Instructions for the task
Output, exactly as written, the lines below starting at the line containing "(3)を約10gずつ手で丸め" and ending at the line containing "Nồi áp suất". Drop the pictures and keep both end lines.

Information given
*** Block opens ***
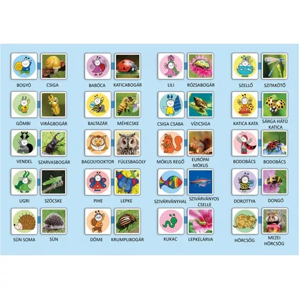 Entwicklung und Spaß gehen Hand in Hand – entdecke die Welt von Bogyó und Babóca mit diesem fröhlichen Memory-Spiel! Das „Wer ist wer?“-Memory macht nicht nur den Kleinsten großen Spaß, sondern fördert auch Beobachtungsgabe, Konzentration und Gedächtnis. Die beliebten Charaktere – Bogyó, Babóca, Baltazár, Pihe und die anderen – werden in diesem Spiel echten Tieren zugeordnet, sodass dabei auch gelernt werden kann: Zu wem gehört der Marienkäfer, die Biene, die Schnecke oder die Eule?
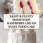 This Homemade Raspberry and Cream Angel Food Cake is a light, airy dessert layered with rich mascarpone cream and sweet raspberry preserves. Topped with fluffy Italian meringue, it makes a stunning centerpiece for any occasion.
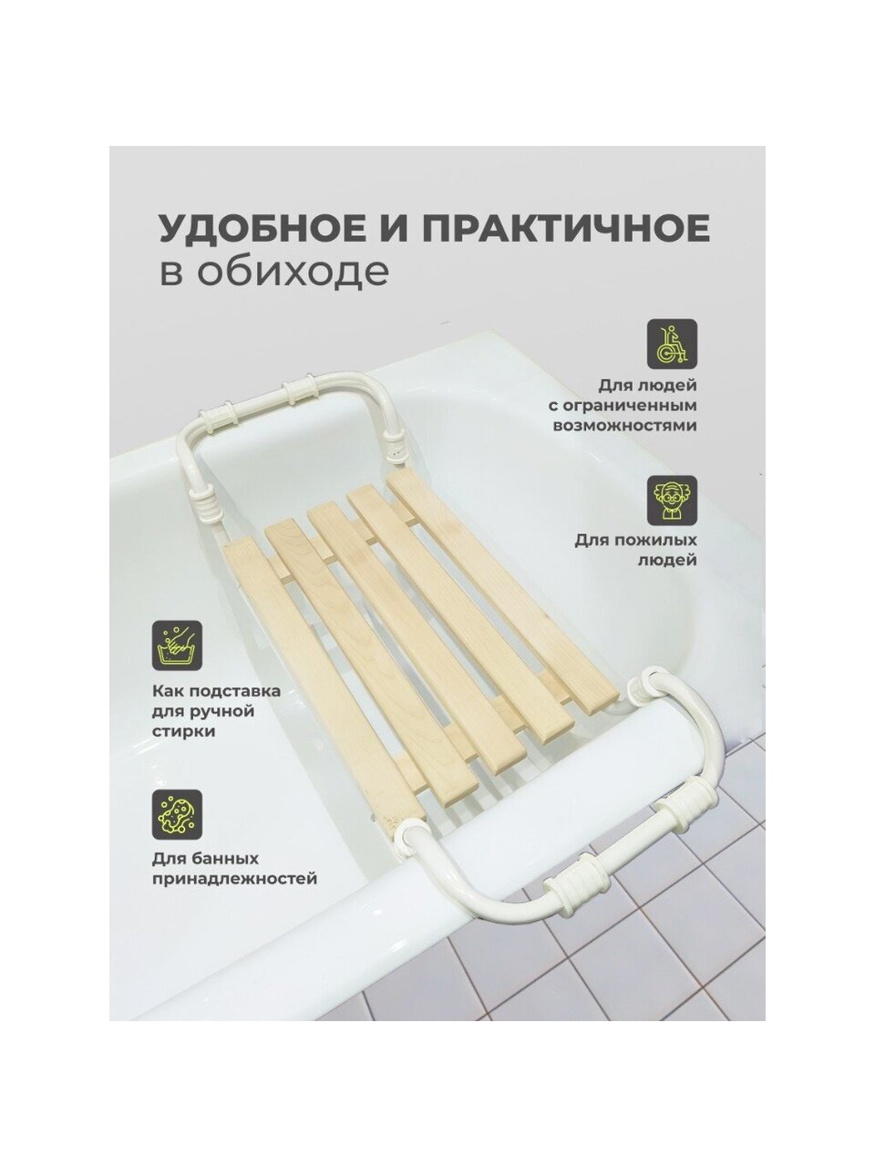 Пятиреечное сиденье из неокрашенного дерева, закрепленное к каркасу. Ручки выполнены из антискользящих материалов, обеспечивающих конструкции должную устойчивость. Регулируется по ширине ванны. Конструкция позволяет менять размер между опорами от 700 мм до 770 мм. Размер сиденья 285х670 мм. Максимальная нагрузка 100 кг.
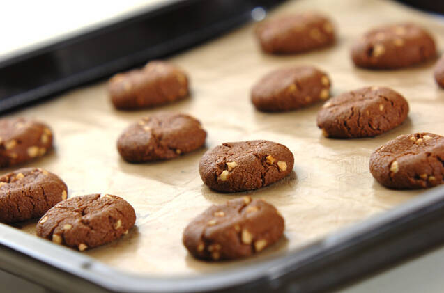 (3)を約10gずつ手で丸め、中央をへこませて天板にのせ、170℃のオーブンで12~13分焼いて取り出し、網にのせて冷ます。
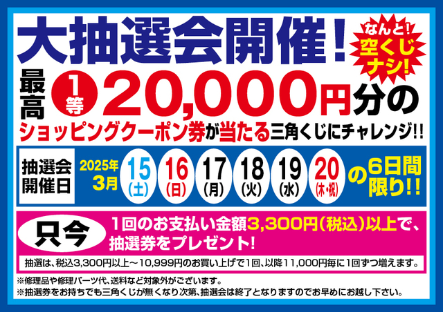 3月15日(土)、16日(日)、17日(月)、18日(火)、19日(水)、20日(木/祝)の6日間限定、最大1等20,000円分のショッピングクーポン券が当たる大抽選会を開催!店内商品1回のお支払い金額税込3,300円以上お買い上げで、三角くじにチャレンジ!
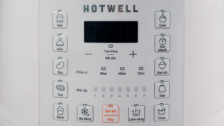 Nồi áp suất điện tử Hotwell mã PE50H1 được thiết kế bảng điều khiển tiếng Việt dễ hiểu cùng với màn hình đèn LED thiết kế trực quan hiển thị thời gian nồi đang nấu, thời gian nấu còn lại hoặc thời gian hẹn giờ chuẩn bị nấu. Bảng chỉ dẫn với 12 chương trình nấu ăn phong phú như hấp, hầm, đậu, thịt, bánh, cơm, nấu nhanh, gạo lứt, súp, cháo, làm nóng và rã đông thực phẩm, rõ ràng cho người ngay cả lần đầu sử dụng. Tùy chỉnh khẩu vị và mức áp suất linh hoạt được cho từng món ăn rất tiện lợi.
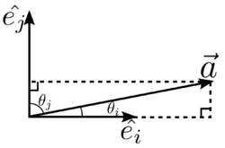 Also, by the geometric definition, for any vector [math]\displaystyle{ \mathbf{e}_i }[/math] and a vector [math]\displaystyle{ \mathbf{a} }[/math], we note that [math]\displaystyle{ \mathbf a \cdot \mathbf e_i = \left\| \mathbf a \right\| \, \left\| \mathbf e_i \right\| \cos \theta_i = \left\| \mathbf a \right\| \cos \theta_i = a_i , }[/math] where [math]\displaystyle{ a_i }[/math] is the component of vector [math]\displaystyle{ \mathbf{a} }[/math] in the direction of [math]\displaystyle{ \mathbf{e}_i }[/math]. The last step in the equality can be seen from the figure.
*** Block closes ***
*** Block opens ***
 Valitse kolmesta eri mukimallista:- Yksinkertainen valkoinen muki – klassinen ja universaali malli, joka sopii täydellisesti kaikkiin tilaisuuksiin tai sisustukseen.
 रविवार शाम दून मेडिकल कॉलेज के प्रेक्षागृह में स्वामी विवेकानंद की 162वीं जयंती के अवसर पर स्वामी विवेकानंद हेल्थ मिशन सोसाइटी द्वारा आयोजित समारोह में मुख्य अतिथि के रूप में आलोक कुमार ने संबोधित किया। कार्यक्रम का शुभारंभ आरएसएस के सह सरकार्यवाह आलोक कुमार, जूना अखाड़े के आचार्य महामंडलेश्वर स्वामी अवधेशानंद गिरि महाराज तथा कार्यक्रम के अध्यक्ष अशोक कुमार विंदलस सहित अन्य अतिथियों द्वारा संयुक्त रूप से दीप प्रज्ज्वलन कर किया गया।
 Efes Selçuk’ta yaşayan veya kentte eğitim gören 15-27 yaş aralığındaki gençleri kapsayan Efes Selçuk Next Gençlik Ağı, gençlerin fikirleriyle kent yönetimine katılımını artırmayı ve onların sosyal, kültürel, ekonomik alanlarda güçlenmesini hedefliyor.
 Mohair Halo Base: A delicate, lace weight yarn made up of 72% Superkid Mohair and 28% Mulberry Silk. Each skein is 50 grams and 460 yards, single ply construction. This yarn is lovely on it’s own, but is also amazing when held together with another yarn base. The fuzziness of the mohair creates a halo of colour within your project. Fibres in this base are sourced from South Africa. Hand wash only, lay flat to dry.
*** Block closes ***
Answer space
 (3)を約10gずつ手で丸め、中央をへこませて天板にのせ、170℃のオーブンで12~13分焼いて取り出し、網にのせて冷ます。
 3月15日(土)、16日(日)、17日(月)、18日(火)、19日(水)、20日(木/祝)の6日間限定、最大1等20,000円分のショッピングクーポン券が当たる大抽選会を開催!店内商品1回のお支払い金額税込3,300円以上お買い上げで、三角くじにチャレンジ!
 Nồi áp suất điện tử Hotwell mã PE50H1 được thiết kế bảng điều khiển tiếng Việt dễ hiểu cùng với màn hình đèn LED thiết kế trực quan hiển thị thời gian nồi đang nấu, thời gian nấu còn lại hoặc thời gian hẹn giờ chuẩn bị nấu. Bảng chỉ dẫn với 12 chương trình nấu ăn phong phú như hấp, hầm, đậu, thịt, bánh, cơm, nấu nhanh, gạo lứt, súp, cháo, làm nóng và rã đông thực phẩm, rõ ràng cho người ngay cả lần đầu sử dụng. Tùy chỉnh khẩu vị và mức áp suất linh hoạt được cho từng món ăn rất tiện lợi.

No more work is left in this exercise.